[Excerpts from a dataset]
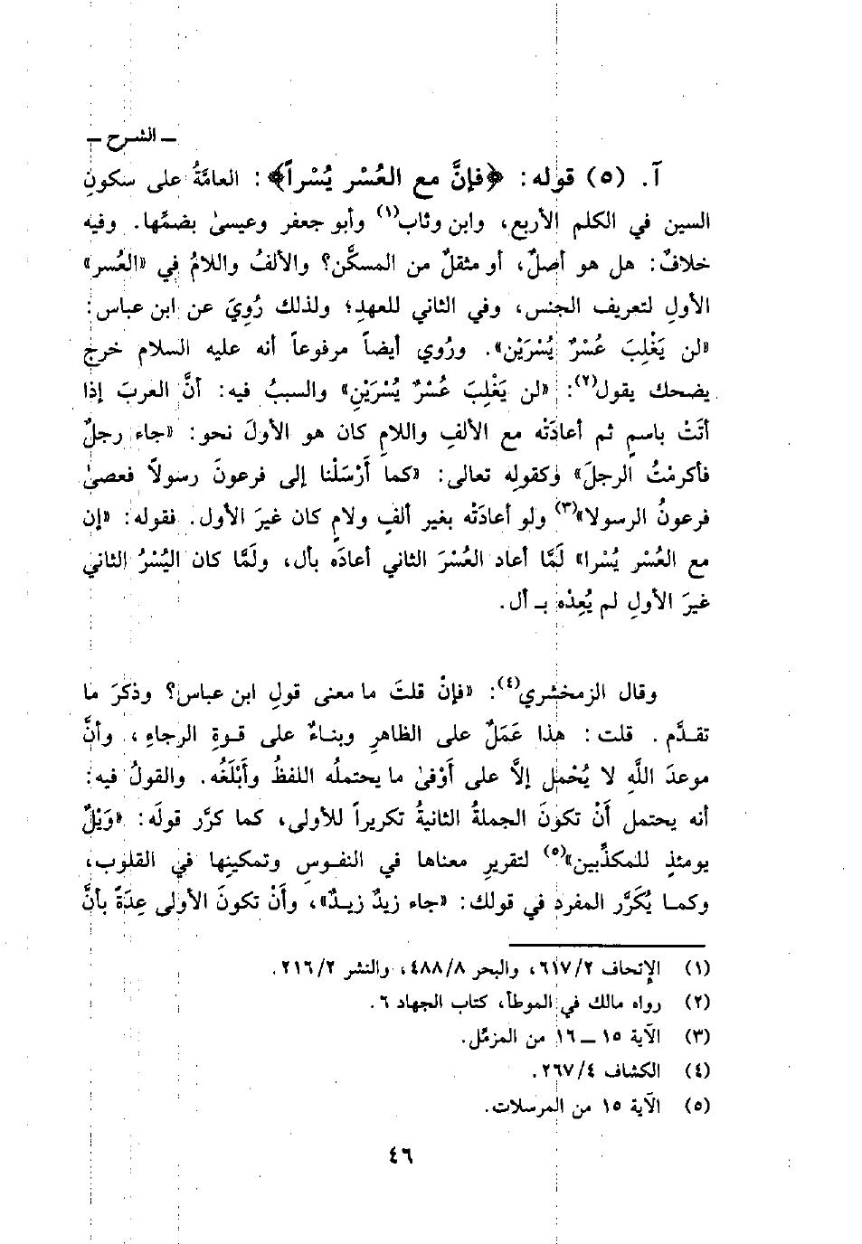 قوله: {فَإِنَّ مَعَ العسر يُسْراً} : العامَّةُ على سكونِ السين في الكلم الأربع، وابن وثاب وأبو جعفر وعيسى بضمِّها. وفيه خلافٌ. هل هو أصلٌ، أو مثقلٌ من المسكِّن؟ والألفُ واللامُ في «العُسر» الأولِ لتعريف الجنس، وفي الثاني للعهدِ؛ ولذلك رُوِيَ عن ابن عباس: «لن يُغْلِبَ عُسْرٌ يُسْرَيْن» ورُوي أيضاً مرفوعاً أنه عليه السلام خرج يضحك يقول: «لن يَغْلِبَ عُسْرٌ يُسْرَيْنِ» والسببُ فيه: أنَّ العربَ إذا أَتَتْ باسمٍ ثم أعادَتْه مع الألفِ واللامِ ِكان هو الأولَ نحو: «جاء رجلٌ فأكرمْتُ الرجلَ» وكقولِه تعالى: {كَمَآ أَرْسَلْنَآ إلى فِرْعَوْنَ رَسُولاً فعصى فِرْعَوْنُ الرسول} [المزمل: 1516] ولو أعادَتْه بغير ألفٍ ولامٍ كان غيرَ الأول. فقوله: {إِنَّ مَعَ العسر يُسْراً} لَمَّا أعاد العُسْرَ الثاني أعادَه بأل، ولَمَّا كان اليُسْرُ الثاني غيرَ الأولِ لم يُعِدْه ب أل.
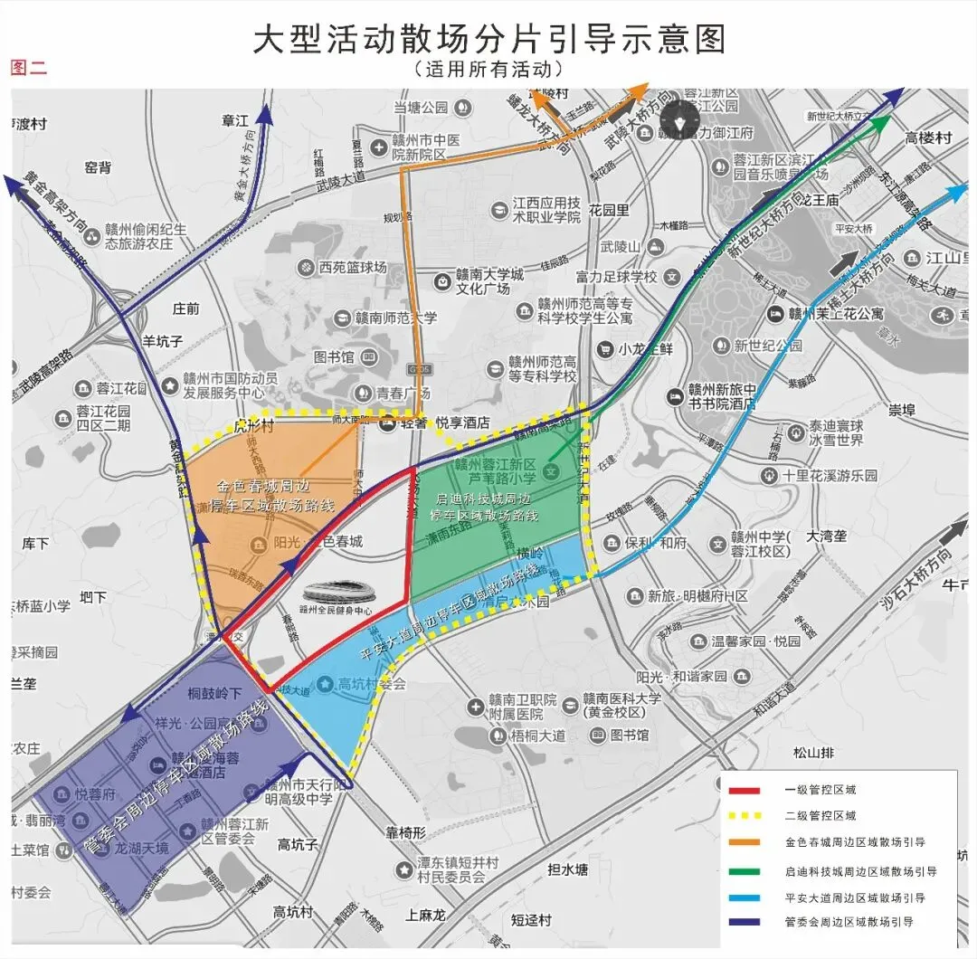 特别提醒:散场期间(预计21:30~22:30)人流车流量巨大,核心区域路段实行车辆只出不进,公交车在飞扬大道及赣南大道上车点等候,管控期间共享单车等二轮车禁止驶入一级管控区域,车辆行驶方向皆为由内往外走;出租车在潇雨东路排队候客,搭乘网约车的歌迷朋友请参考以下散场交通管控图,到蓝色电子围栏(含)外区域进行打车,共享单车在散场前将在一级管控区域外投放。
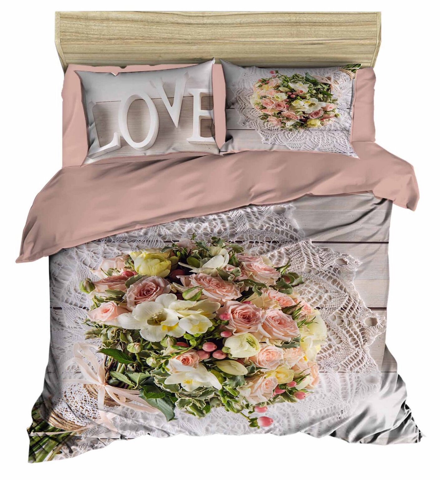 Kalėdinis patalynės užvalkalų komplektas Mijolnir 178PRL1292, balta/raudona/rožinė, 200 x 220 cm
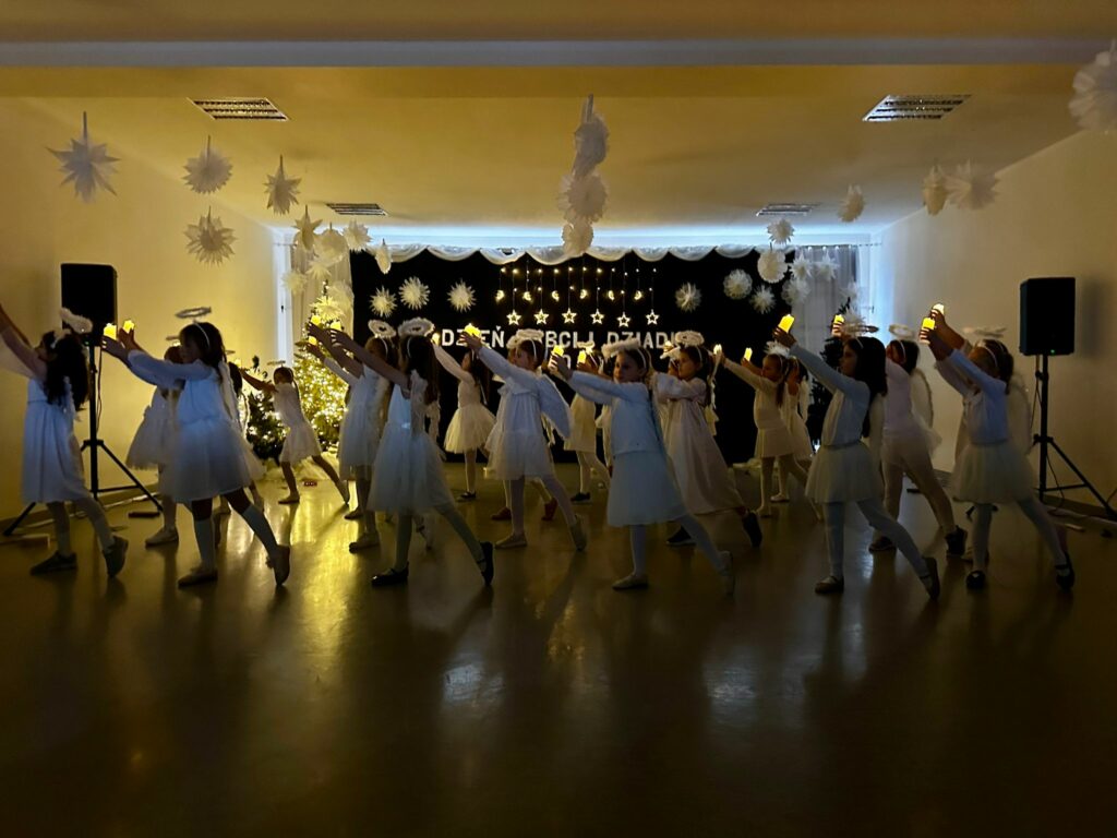 Na scenie pojawiły się aniołki i pasterze, tworząc niezwykły, niemal bajkowy klimat. Anioły zaprezentowały delikatny, poruszający taniec do utworu „Noel”, a pasterze wprowadzili energię i radość, tańcząc do piosenki „Górę gwiazda”. Występy dopełniły pięknie wykonane pastorałki, które wprowadziły wszystkich w zimowy nastrój.
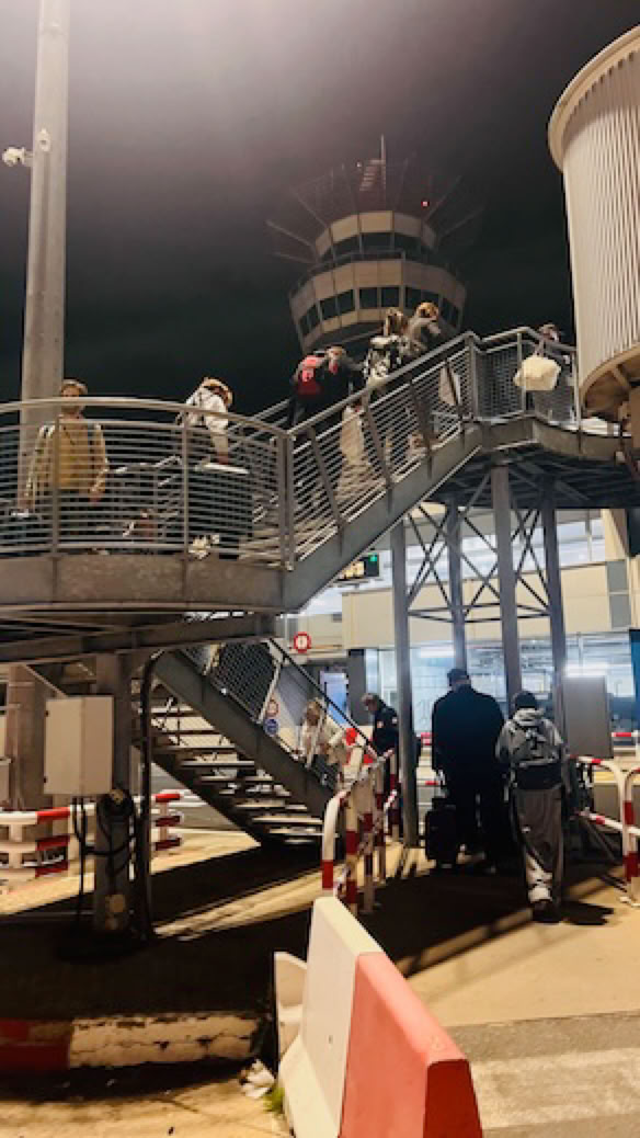 Dernier petit-déjeuner à l’extérieur, et peu après 10h, nous embarquons nos bagages dans la Jeep pour 5h de route de Polignano à Rome Fiumicino. A priori, nous avons beaucoup de marge par rapport à l’embarquement prévu à 19h, mais il y a toujours la crainte d’avoir des embouteillages en arrivant sur Rome. En fait, la route se déroule sans aucun soucis et nous déposons donc la voiture chez Sixt quasiment quatre heures avant l’embarquement. Nous commençons donc par manger un peu dans une cafétéria, puis nous patientons, longtemps, debout, devant le comptoir d’enregistrement de Transavia pas encore ouvert. Nous sommes donc les premiers à déposer nos bagages quand le comptoir ouvre enfin. Nous passons la sécurité très vite (beaucoup mieux organisé que la Sécurité à Orly ou Roissy) et … nous devons attendre encore plus d’une heure avant que notre porte d’embarquement ne soit affichée. Nous patientons donc avec un thé dans le food-court de la zone de départ et arrivons enfin à notre porte d’embarquement. L’avion arrive à l’heure, mais nous patientons encore longtemps, debout, dans la zone de pré-embarquement avant de pouvoir, enfin, nous assoir à nos places 9A, 9B dans une A320 Neo presque neuf. L’avion partira finalement avec un peu de retard. Le vol est très confortable et silencieux dans cet avion moderne. Je somnole un peu, car la journée a été fatigante, avec la route et toute cette attente à l’aéroport.

EXERCISE DIRECTIONS:
Could you copy the lines above exactly and skip the images?

SOLUTION FOR THIS TASK:
 قوله: {فَإِنَّ مَعَ العسر يُسْراً} : العامَّةُ على سكونِ السين في الكلم الأربع، وابن وثاب وأبو جعفر وعيسى بضمِّها. وفيه خلافٌ. هل هو أصلٌ، أو مثقلٌ من المسكِّن؟ والألفُ واللامُ في «العُسر» الأولِ لتعريف الجنس، وفي الثاني للعهدِ؛ ولذلك رُوِيَ عن ابن عباس: «لن يُغْلِبَ عُسْرٌ يُسْرَيْن» ورُوي أيضاً مرفوعاً أنه عليه السلام خرج يضحك يقول: «لن يَغْلِبَ عُسْرٌ يُسْرَيْنِ» والسببُ فيه: أنَّ العربَ إذا أَتَتْ باسمٍ ثم أعادَتْه مع الألفِ واللامِ ِكان هو الأولَ نحو: «جاء رجلٌ فأكرمْتُ الرجلَ» وكقولِه تعالى: {كَمَآ أَرْسَلْنَآ إلى فِرْعَوْنَ رَسُولاً فعصى فِرْعَوْنُ الرسول} [المزمل: 1516] ولو أعادَتْه بغير ألفٍ ولامٍ كان غيرَ الأول. فقوله: {إِنَّ مَعَ العسر يُسْراً} لَمَّا أعاد العُسْرَ الثاني أعادَه بأل، ولَمَّا كان اليُسْرُ الثاني غيرَ الأولِ لم يُعِدْه ب أل.
 特别提醒:散场期间(预计21:30~22:30)人流车流量巨大,核心区域路段实行车辆只出不进,公交车在飞扬大道及赣南大道上车点等候,管控期间共享单车等二轮车禁止驶入一级管控区域,车辆行驶方向皆为由内往外走;出租车在潇雨东路排队候客,搭乘网约车的歌迷朋友请参考以下散场交通管控图,到蓝色电子围栏(含)外区域进行打车,共享单车在散场前将在一级管控区域外投放。
 Kalėdinis patalynės užvalkalų komplektas Mijolnir 178PRL1292, balta/raudona/rožinė, 200 x 220 cm
 Na scenie pojawiły się aniołki i pasterze, tworząc niezwykły, niemal bajkowy klimat. Anioły zaprezentowały delikatny, poruszający taniec do utworu „Noel”, a pasterze wprowadzili energię i radość, tańcząc do piosenki „Górę gwiazda”. Występy dopełniły pięknie wykonane pastorałki, które wprowadziły wszystkich w zimowy nastrój.
 Dernier petit-déjeuner à l’extérieur, et peu après 10h, nous embarquons nos bagages dans la Jeep pour 5h de route de Polignano à Rome Fiumicino. A priori, nous avons beaucoup de marge par rapport à l’embarquement prévu à 19h, mais il y a toujours la crainte d’avoir des embouteillages en arrivant sur Rome. En fait, la route se déroule sans aucun soucis et nous déposons donc la voiture chez Sixt quasiment quatre heures avant l’embarquement. Nous commençons donc par manger un peu dans une cafétéria, puis nous patientons, longtemps, debout, devant le comptoir d’enregistrement de Transavia pas encore ouvert. Nous sommes donc les premiers à déposer nos bagages quand le comptoir ouvre enfin. Nous passons la sécurité très vite (beaucoup mieux organisé que la Sécurité à Orly ou Roissy) et … nous devons attendre encore plus d’une heure avant que notre porte d’embarquement ne soit affichée. Nous patientons donc avec un thé dans le food-court de la zone de départ et arrivons enfin à notre porte d’embarquement. L’avion arrive à l’heure, mais nous patientons encore longtemps, debout, dans la zone de pré-embarquement avant de pouvoir, enfin, nous assoir à nos places 9A, 9B dans une A320 Neo presque neuf. L’avion partira finalement avec un peu de retard. Le vol est très confortable et silencieux dans cet avion moderne. Je somnole un peu, car la journée a été fatigante, avec la route et toute cette attente à l’aéroport.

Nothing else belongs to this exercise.